IEEE Trans Neural Netw Learn Syst. 2017 Aug;28(8):1814-1826. doi: 10.1109/TNNLS.2016.2543000. Epub 2016 May 4.
Learning from demonstrations is a paradigm by which an apprentice agent learns a control policy for a dynamic environment by observing demonstrations delivered by an expert agent. It is usually implemented as either imitation learning (IL) or inverse reinforcement learning (IRL) in the literature. On the one hand, IRL is a paradigm relying on the Markov decision processes, where the goal of the apprentice agent is to find a reward function from the expert demonstrations that could explain the expert behavior. On the other hand, IL consists in directly generalizing the expert strategy, observed in the demonstrations, to unvisited states (and it is therefore close to classification, when there is a finite set of possible decisions). While these two visions are often considered as opposite to each other, the purpose of this paper is to exhibit a formal link between these approaches from which new algorithms can be derived. We show that IL and IRL can be redefined in a way that they are equivalent, in the sense that there exists an explicit bijective operator (namely, the inverse optimal Bellman operator) between their respective spaces of solutions. To do so, we introduce the set-policy framework that creates a clear link between the IL and the IRL. As a result, the IL and IRL solutions making the best of both worlds are obtained. In addition, it is a unifying framework from which existing IL and IRL algorithms can be derived and which opens the way for the IL methods able to deal with the environment's dynamics. Finally, the IRL algorithms derived from the set-policy framework are compared with the algorithms belonging to the more common trajectory-matching family. Experiments demonstrate that the set-policy-based algorithms outperform both the standard IRL and IL ones and result in more robust solutions.

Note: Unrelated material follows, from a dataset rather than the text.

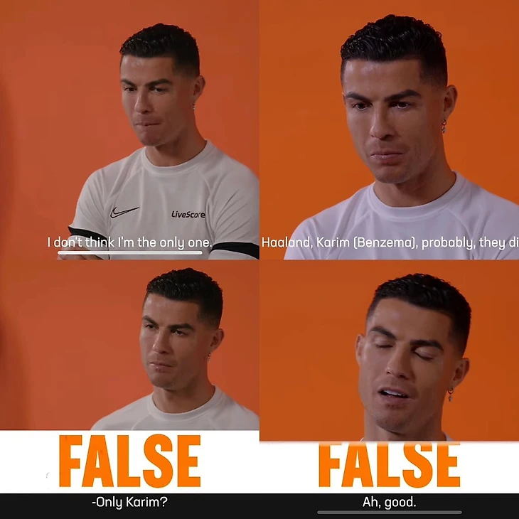 Криштиану Роналду снялся в рекламе одного из сайтов футбольной статистики. На видео Криштиану должен был угадать, является ли факт о нем правдивым или нет.

从演示中学习是一种范例,学徒代理通过观察专家代理提供的演示来学习动态环境的控制策略。在文献中,它通常被实现为模仿学习 (IL) 或逆强化学习 (IRL)。一方面,IRL 是一种依赖马尔可夫决策过程的范例,学徒代理的目标是从专家演示中找到一个可以解释专家行为的奖励函数。另一方面,IL 包括直接推广专家策略,观察到在演示中,到未访问的状态(并且因此在存在有限数量的可能决策时接近分类)。虽然这两种观点通常被认为是相互对立的,但本文的目的是展示这些方法之间的正式联系,从中可以推导出新的算法。我们表明,IL 和 IRL 可以以一种等价的方式重新定义,即在它们各自的解空间之间存在显式的双射算子(即逆最优贝尔曼算子)。为此,我们引入了集策略框架,该框架在 IL 和 IRL 之间建立了明确的联系。结果,获得了充分利用这两种方法的最佳 IL 和 IRL 解决方案。此外,它是一个统一的框架,可以从中推导出现有的 IL 和 IRL 算法,并为能够处理环境动态的 IL 方法开辟道路。最后,从集策略框架导出的 IRL 算法与属于更常见的轨迹匹配族的算法进行了比较。实验表明,基于集策略的算法优于标准的 IRL 和 IL 算法,并产生更稳健的解决方案。